We have just now started allowing Buffy and Abby in the front yard without leashes in order to go to the car and no further. That has been allowed since we moved to the country and there is hardly any traffic at all. We were just too afraid of them darting into the street in town if they would spot a squirrel or something along that line. Like you say, small steps. Maybe I'll start allowing them to go to the mailbox with me without a leash.


----------



## jeffreyzone (Feb 8, 2006)

Buffy & Abby's Mom said:


> We have just now started allowing Buffy and Abby in the front yard without leashes in order to go to the car and no further. That has been allowed since we moved to the country and there is hardly any traffic at all.

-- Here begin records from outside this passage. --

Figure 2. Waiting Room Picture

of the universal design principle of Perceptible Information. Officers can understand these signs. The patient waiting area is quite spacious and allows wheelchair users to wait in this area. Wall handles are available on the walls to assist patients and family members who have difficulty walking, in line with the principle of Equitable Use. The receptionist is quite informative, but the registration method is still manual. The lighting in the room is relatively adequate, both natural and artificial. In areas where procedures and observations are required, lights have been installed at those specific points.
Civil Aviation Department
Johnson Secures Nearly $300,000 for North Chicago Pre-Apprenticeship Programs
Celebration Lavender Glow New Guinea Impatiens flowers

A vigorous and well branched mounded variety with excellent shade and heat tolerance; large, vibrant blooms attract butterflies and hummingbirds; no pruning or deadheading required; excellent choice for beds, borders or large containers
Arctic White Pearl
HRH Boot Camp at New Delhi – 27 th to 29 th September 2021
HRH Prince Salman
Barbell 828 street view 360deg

We were just too afraid of them darting into the street in town if they would spot a squirrel or something along that line. Like you say, small steps. Maybe I'll start allowing them to go to the mailbox with me without a leash.

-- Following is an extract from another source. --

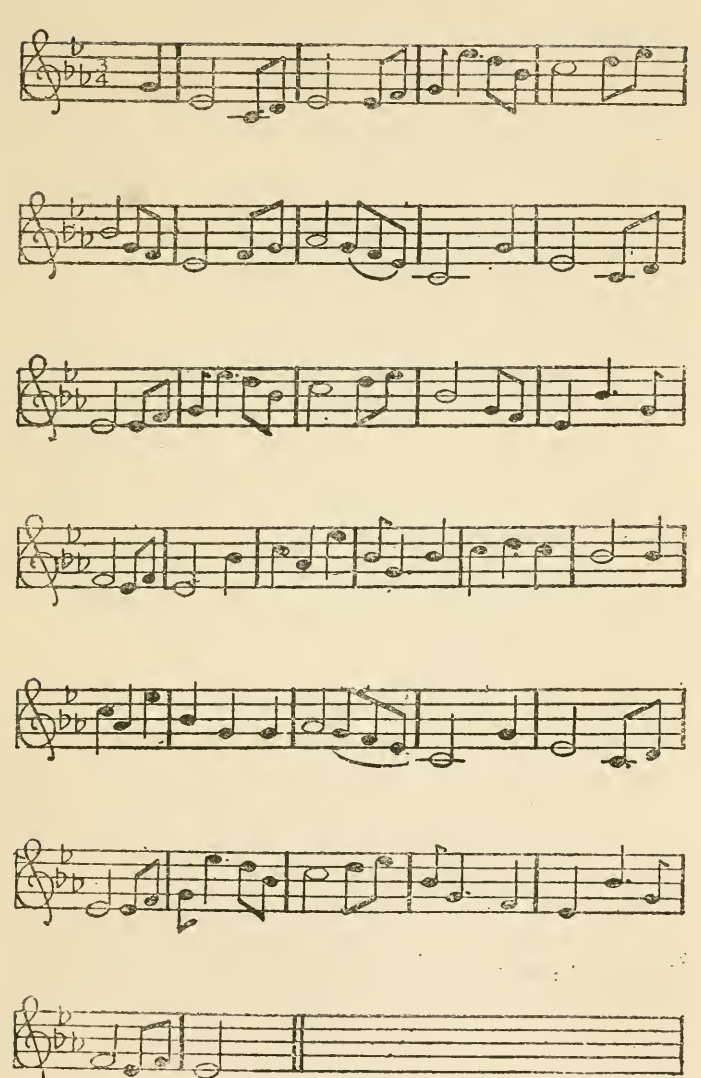
THE WILD GOOSE.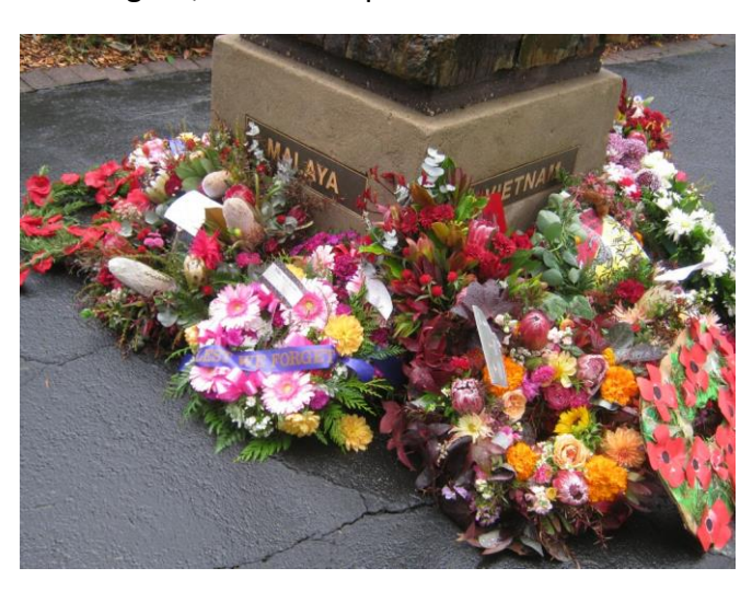
War Memorial with tributes. Ours is the red bunch on the corner.

You are making good progress.  And you are wise to go slowly when you're in an environment full of squirrels and other random wildlife distractions. It's not worth risking your dogs' safety to push the envelope beyond their current level.

When we started with the mailbox thing, we'd have Dottie on the leash as we walked down there, and then we'd ask her to sit while we got the mail from the box. Then, we'd remove the leash and offer her the mail, saying "_Take it to Mom (or Dad)_," who'd be standing at the top of the driveway, making sure to point her in the right direction with our body language. At first, the receiver would say "_Bring it!_"

And it just evolved from there. Once the dog is focused, and I mean _*really*_ focused, on the target of the newspaper, she'll go get it and bring it back regardless of the distractions, if she is really into carrying things.


----------



## Wrigley's Mom (Nov 6, 2006)

I just LOVE that video! Thanks for sharing it with us. I love the "body wiggle" Dottie does while she's waiting at the door. Wrigley does that all the time. Dottie looks like such a happy soul!


----------



## Buuddy (Jan 11, 2007)

Can I have this dog ?? that is really cool!!!!


----------



## AquaClaraCanines (Mar 5, 2006)

Too cute! She's a really beautiful Golden.


----------